▶ TASK TO CARRY OUT:
Give back the lines of the entries below exactly as written, from the first line to the line holding "3pcs Elk, Trees, Mountains, River, Full", both included, with the pictures omitted.

(Source data)
- Opening Delimiter -
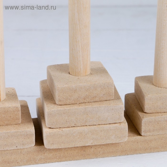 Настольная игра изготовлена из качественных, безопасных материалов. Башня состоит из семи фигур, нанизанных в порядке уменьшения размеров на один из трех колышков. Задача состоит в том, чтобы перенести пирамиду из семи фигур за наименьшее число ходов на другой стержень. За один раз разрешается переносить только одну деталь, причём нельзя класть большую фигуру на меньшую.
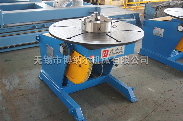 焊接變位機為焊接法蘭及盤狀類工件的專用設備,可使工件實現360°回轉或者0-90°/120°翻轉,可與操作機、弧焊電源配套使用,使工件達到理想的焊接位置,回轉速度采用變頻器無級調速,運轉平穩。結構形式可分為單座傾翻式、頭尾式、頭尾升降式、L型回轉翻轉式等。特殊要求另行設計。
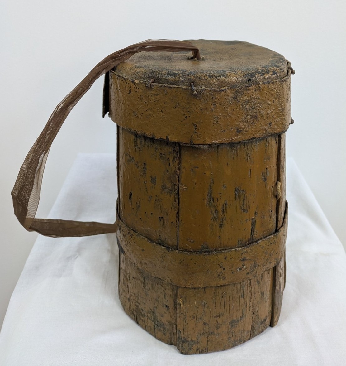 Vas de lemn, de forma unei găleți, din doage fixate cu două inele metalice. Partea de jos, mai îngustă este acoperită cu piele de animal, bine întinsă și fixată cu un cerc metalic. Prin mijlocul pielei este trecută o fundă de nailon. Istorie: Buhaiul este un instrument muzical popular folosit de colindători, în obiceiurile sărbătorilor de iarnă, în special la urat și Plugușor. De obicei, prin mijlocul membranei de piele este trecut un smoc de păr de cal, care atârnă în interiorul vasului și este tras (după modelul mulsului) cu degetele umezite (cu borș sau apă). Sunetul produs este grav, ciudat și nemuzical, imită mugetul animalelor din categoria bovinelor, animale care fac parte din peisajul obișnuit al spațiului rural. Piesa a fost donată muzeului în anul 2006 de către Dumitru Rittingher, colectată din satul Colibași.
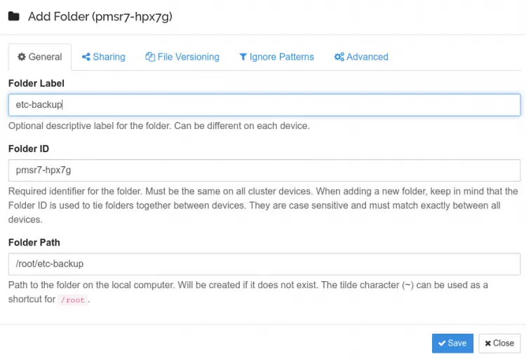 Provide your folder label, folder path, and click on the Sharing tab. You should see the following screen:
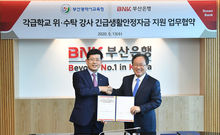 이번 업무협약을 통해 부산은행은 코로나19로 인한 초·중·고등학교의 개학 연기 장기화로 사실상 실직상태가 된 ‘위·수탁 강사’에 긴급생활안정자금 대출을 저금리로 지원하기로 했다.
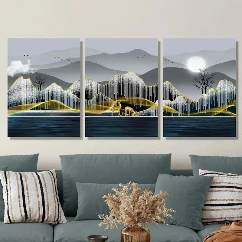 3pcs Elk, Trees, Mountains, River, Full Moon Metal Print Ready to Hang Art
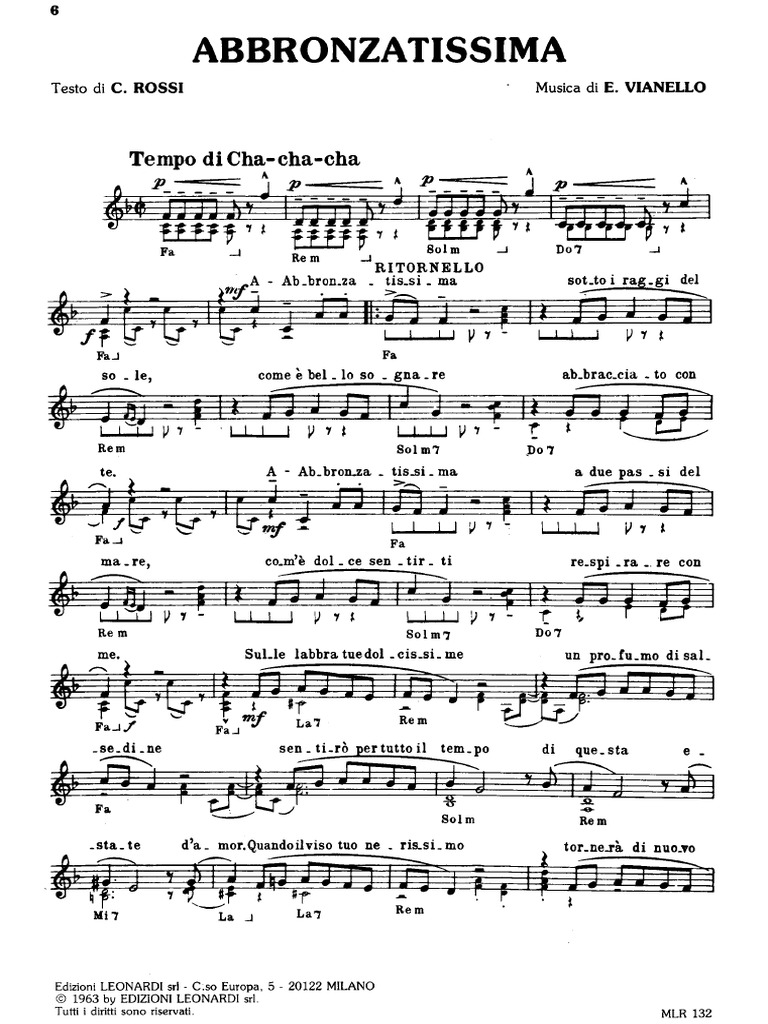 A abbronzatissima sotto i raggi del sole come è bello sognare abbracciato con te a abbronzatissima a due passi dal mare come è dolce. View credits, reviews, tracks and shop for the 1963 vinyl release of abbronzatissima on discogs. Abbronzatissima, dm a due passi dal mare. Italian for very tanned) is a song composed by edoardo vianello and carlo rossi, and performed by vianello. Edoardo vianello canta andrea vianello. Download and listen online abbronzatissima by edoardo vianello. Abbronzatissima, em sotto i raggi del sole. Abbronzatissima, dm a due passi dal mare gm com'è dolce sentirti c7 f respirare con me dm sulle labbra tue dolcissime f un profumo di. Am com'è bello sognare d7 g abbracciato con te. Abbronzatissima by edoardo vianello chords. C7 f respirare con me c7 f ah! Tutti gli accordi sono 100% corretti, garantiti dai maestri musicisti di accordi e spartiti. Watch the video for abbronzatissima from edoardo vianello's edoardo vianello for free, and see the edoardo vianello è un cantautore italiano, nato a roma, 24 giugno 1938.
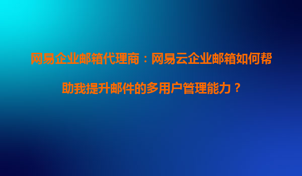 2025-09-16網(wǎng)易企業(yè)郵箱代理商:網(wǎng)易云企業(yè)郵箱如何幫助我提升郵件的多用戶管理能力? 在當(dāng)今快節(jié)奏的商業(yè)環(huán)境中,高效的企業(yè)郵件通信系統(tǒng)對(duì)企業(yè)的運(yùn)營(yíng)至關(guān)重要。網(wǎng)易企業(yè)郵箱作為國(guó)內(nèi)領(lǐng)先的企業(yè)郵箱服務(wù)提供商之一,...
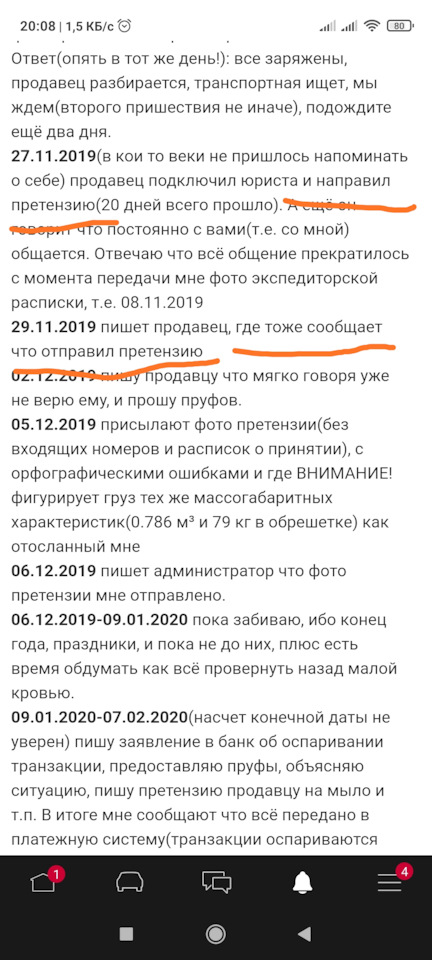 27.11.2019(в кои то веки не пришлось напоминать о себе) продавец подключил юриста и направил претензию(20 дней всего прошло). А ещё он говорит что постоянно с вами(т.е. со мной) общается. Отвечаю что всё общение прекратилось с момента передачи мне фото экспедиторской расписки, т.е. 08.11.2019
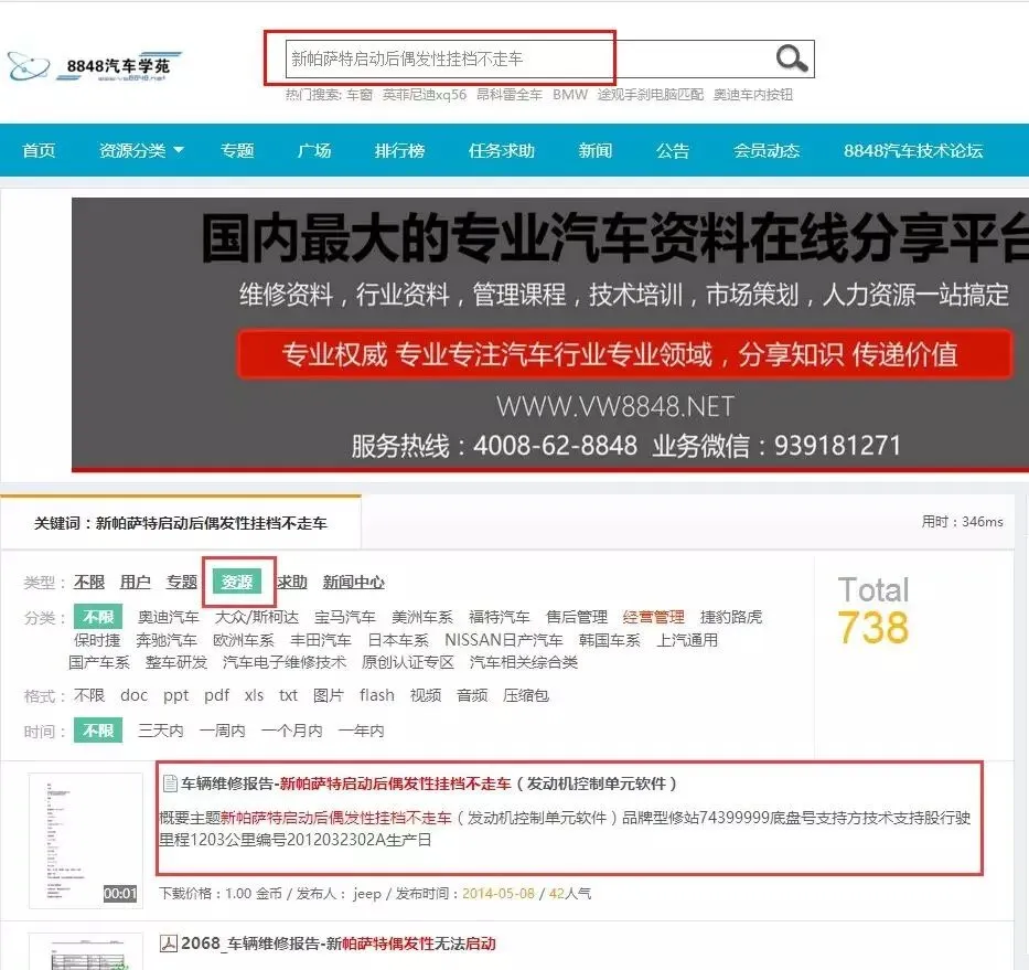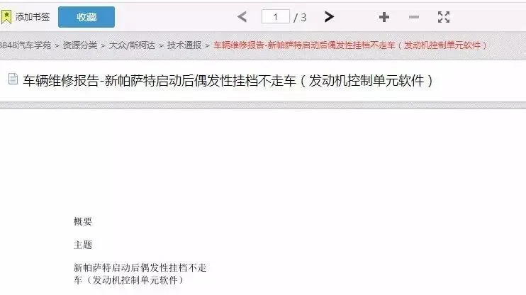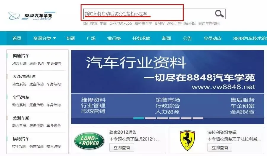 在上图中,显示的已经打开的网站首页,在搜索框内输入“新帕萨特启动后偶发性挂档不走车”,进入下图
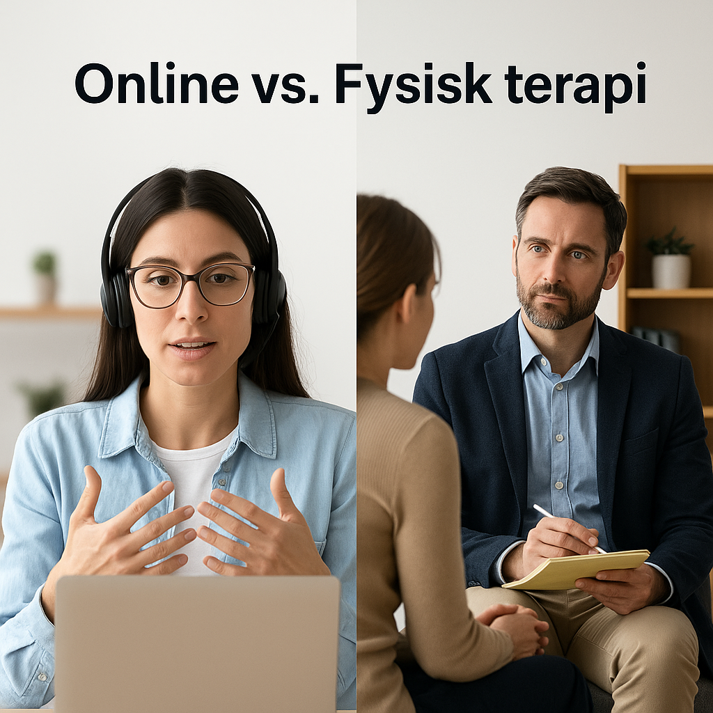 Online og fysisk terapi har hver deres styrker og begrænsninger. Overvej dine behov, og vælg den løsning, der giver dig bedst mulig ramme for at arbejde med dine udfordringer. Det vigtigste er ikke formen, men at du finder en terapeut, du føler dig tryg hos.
- Closing Delimiter -
▶ SOLUTION FOR THIS EXERCISE:
 Настольная игра изготовлена из качественных, безопасных материалов. Башня состоит из семи фигур, нанизанных в порядке уменьшения размеров на один из трех колышков. Задача состоит в том, чтобы перенести пирамиду из семи фигур за наименьшее число ходов на другой стержень. За один раз разрешается переносить только одну деталь, причём нельзя класть большую фигуру на меньшую.
 焊接變位機為焊接法蘭及盤狀類工件的專用設備,可使工件實現360°回轉或者0-90°/120°翻轉,可與操作機、弧焊電源配套使用,使工件達到理想的焊接位置,回轉速度采用變頻器無級調速,運轉平穩。結構形式可分為單座傾翻式、頭尾式、頭尾升降式、L型回轉翻轉式等。特殊要求另行設計。
 Vas de lemn, de forma unei găleți, din doage fixate cu două inele metalice. Partea de jos, mai îngustă este acoperită cu piele de animal, bine întinsă și fixată cu un cerc metalic. Prin mijlocul pielei este trecută o fundă de nailon. Istorie: Buhaiul este un instrument muzical popular folosit de colindători, în obiceiurile sărbătorilor de iarnă, în special la urat și Plugușor. De obicei, prin mijlocul membranei de piele este trecut un smoc de păr de cal, care atârnă în interiorul vasului și este tras (după modelul mulsului) cu degetele umezite (cu borș sau apă). Sunetul produs este grav, ciudat și nemuzical, imită mugetul animalelor din categoria bovinelor, animale care fac parte din peisajul obișnuit al spațiului rural. Piesa a fost donată muzeului în anul 2006 de către Dumitru Rittingher, colectată din satul Colibași.
 Provide your folder label, folder path, and click on the Sharing tab. You should see the following screen:
 이번 업무협약을 통해 부산은행은 코로나19로 인한 초·중·고등학교의 개학 연기 장기화로 사실상 실직상태가 된 ‘위·수탁 강사’에 긴급생활안정자금 대출을 저금리로 지원하기로 했다.
 3pcs Elk, Trees, Mountains, River, Full Moon Metal Print Ready to Hang Art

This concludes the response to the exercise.